Many of these commands can be found in this website
If we messed something up, we can try and revert the changes:
To get single files or folders from a branch (in case we accidentally deleted a file or something like that) we can use:
git fetch --all
git checkout origin/master -- <your_file_path>
git add <your_file_path>
git commit -m "<your_file_name> updated"
Arguably, one of the tools that helps the most when coding within a team is to make use of automatic tests and/or quick
style fixes to our code. A quick example: spotting and fixing trailing white spaces
manually
(who has time for that???). The tool to use in this case is pre-commit, which is run when you launch a git commit
command and prevents you from making a commit or fixes your files if one of your predefined hooks fails.
After installing pre-commit via pip install pre-commit
you can run
pre-commit sample-config
to create a basic first configuration file: .pre-commit-config.yaml
. This yaml file will consist of a couple of sources (repo) with corresponding versions (rev) and a series of hooks to be used (hook and a list of identifiers id).
The file looks like:
repos:
- repo: https://github.com/pre-commit/pre-commit-hooks
rev: v2.3.0
hooks:
- id: check-yaml
- id: end-of-file-fixer
- id: trailing-whitespace
- repo: https://github.com/psf/black
rev: 22.10.0
hooks:
- id: black
Which you can modify to your convenience. For instance, you may want to run some hooks with specific arguments or explicitly skip a given file for some particular hook:
repos:
- repo: https://github.com/pre-commit/pre-commit-hooks
rev: v2.3.0
hooks:
- id: trailing-whitespace
- id: check-added-large-files
args: ['--maxkb=1024']
exclude: "notebooks/some_jupyter_notebook.ipynb, some_data.csv"
- repo: https://github.com/psf/black
rev: 22.10.0
hooks:
- id: black
args:['--line-length=100']
Now that you have a yaml you want to work with, you can install the pre-commit hooks:
pre-commit install
Now, even though these hooks are supposed to run right before the commit in an automated way, it is nice to be able to run them directly as a sanity check when you are fixing some of the issues you have:
pre-commit run --all-files
pre-commit run <ONE_FILE_NAME> # to run hooks on just one specific file
It is very importatn that if one of your files fails to pass one of the hooks you'll need to tell git you want to add the modified version that will now pass the check, otherwise you will never be able to actually commit and push (unless you want to skip the pre-commit hooks verification via git commit -m <MESSAGE> --no-verify
which is not recommended).
git add <MODIFIED_FILE_NAME>
git add commit -m <MESSAGE>
Very often we need clarity in the terminal to know the most important information of our current workspace and knowing what username, project, branch, python version you're using at all times becomes paramount.

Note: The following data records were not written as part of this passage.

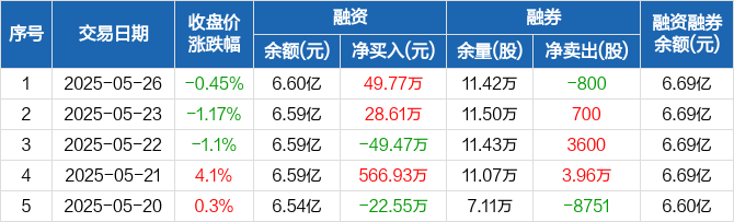 融资方面,当日融资买入2198.19万元,融资偿还2148.43万元,融资净买入49.77万元。融券方面,融券卖出900股,融券偿还1700股,融券余量11.42万股,融券余额980.56万元。融资融券余额合计6.69亿元。
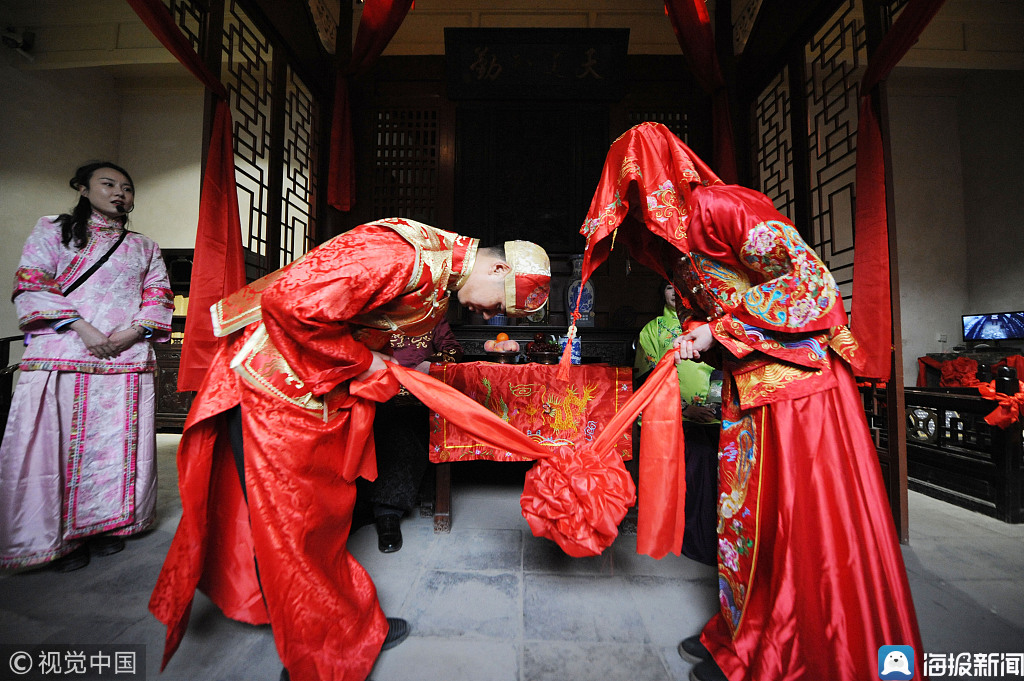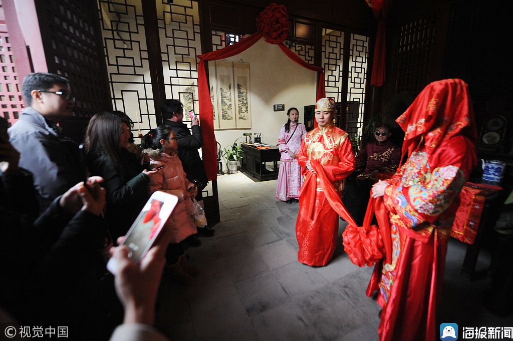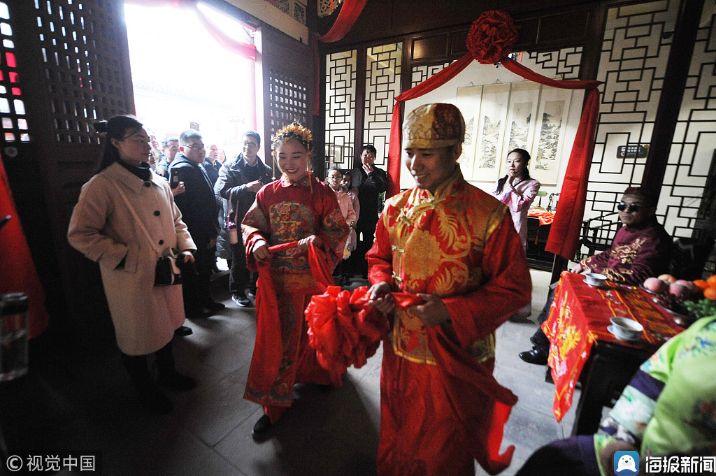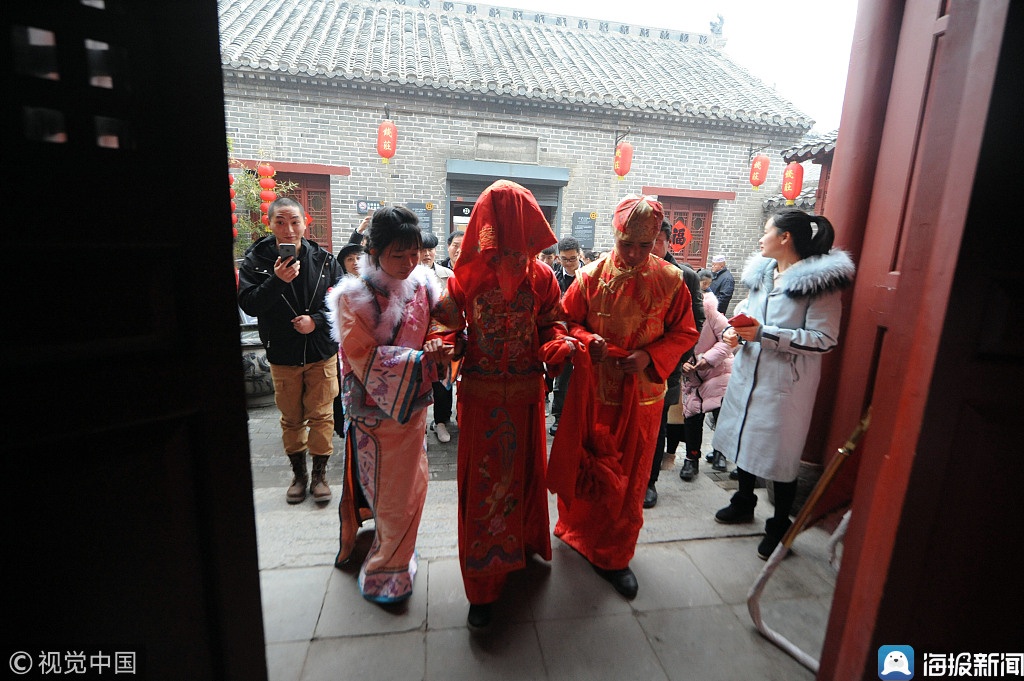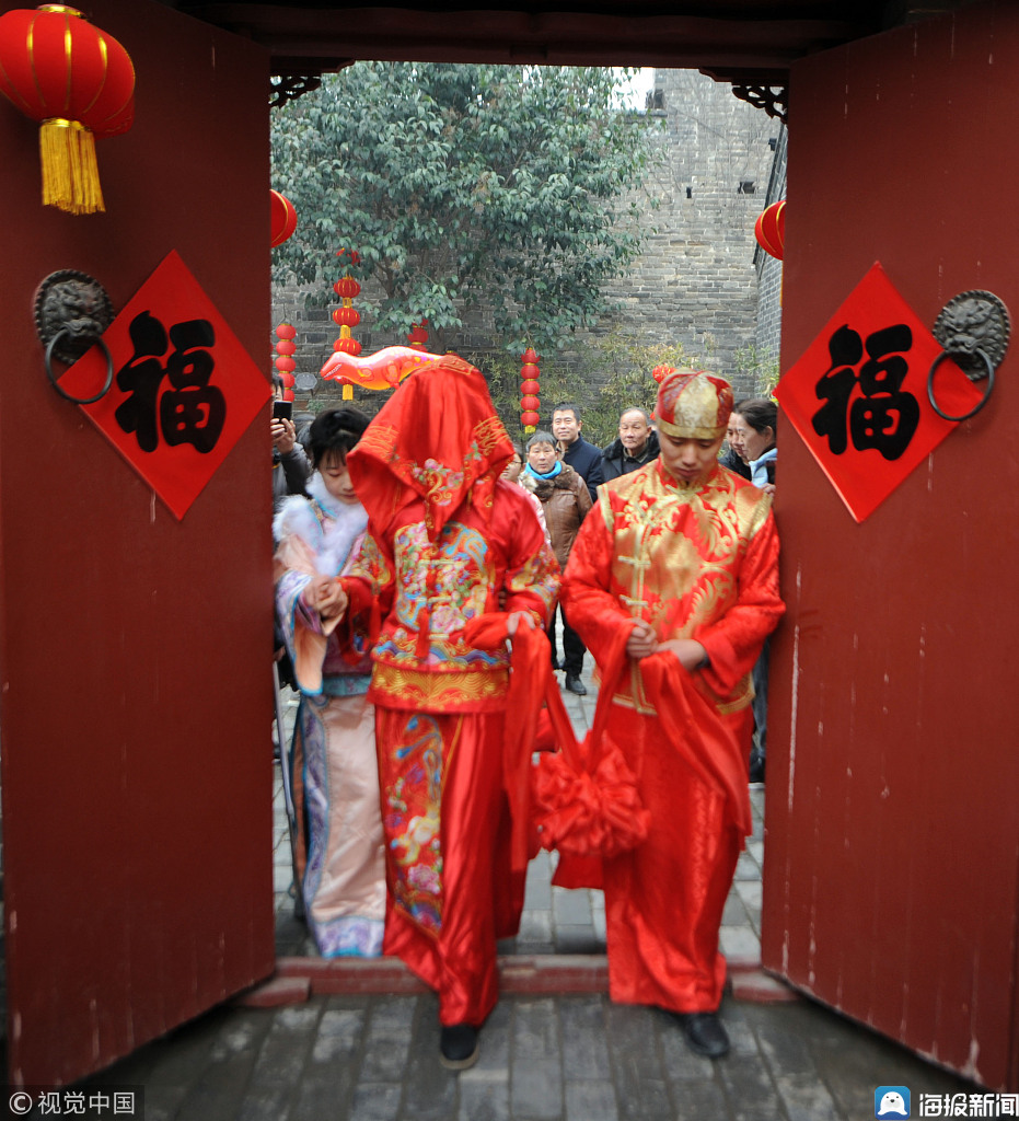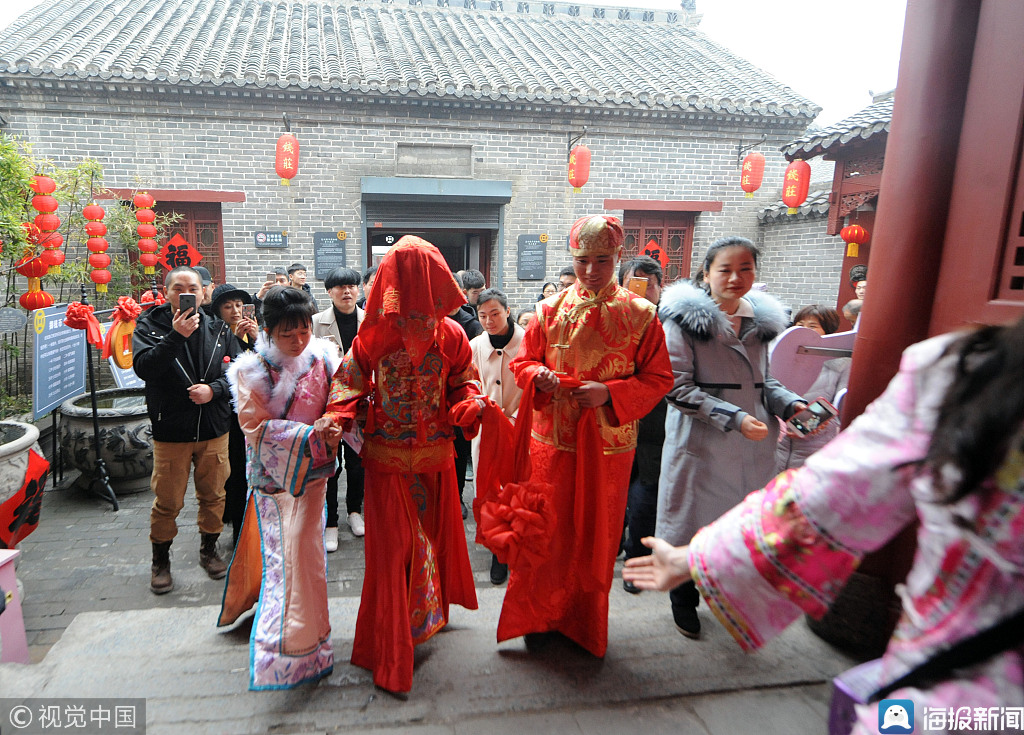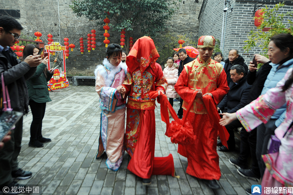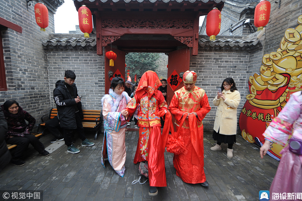 2月6日,安徽亳州,南京巷钱庄景区,工作人员正在表演传统民俗婚礼。当日是大年初二,安徽省亳州市南京巷钱庄景区上演传统民俗婚礼,跨火盆、过马鞍、拜天地、入洞房,洋溢着中国传统文化的吉祥与喜庆,为新春佳节增添了喜庆气氛。
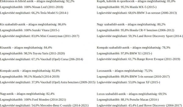 Összesen 27 autómárka 139 típusa vett részt a felmérésben akkora számban, hogy azokat statisztikailag értékelni tudták, három autó ért el 100%-os eredményt, az Esztergomban gyártott Suzuki Vitara, a Ford Mondeo és a Nissan Leaf (első generáció). A legrosszabb eredményt a Vauxhall (Opel) Astra benzines változata (2009-2015) produkálta 37,9%-os eredménnyel. Alapvetően látható, hogy a bonyolult és idős autókkal van több probléma, például a szabadidő-autóknál az extrákkal teletömött luxusmodellek 69,5%-os átlagos eredményt értek el, míg a kiskategóriás SUV-k (ide tartozik például a Vitara is) 86,6%-ot.

For a long time I modified manually the .bashrc
file but this was a rather rudimentary way of implementing what Starhsip does in a split of a second (if you know how to use it).
Here I'll only display the steps I use for ubuntu
but most of the installation steps are clear or easier (with brew --cask) to run on a macOS.
To install starship we only need to run:
curl -sS https://starship.rs/install.sh | sh
and then add a single line at the end of ~./bashrc
(you can open it with gedit ~./bashrc
):
# Starship
eval "$(starship init bash)"
To install fonts, I found it easier to follow these steps:
Go to a location where a nerd-fonts
repo should be stored
bash
git clone --depth 1 https://github.com/ryanoasis/nerd-fonts.git # warning: takes a while
Install a particular font. For instance, for Fira Code NF
(which has most of the icons you may need), use:
bash
cd nerd-fonts/
./install.sh FiraCode
Once we have installed it and told bash we want to use it, we now need to configure the main terminal to use this font.
To do so:
Ctrl+Alt+T
)FiraCode Nerd Font
I am a VSCode user, so now to make things work you may need to:
Ctrl + ,
Terminal > integrated > Font Family
'FiraCode Nerd Font', monospace
. This makes use of Fira Code by Nerd Fonts and falls back to monospace if things break down.Now you can choose a template from this gallery. For example, to install the gruvbox preset, just run
starship preset gruvbox-rainbow -o ~/.config/starship.toml
To check out in detail the steps to install it, or to modify the .toml
used to produce the template, simply click on the image.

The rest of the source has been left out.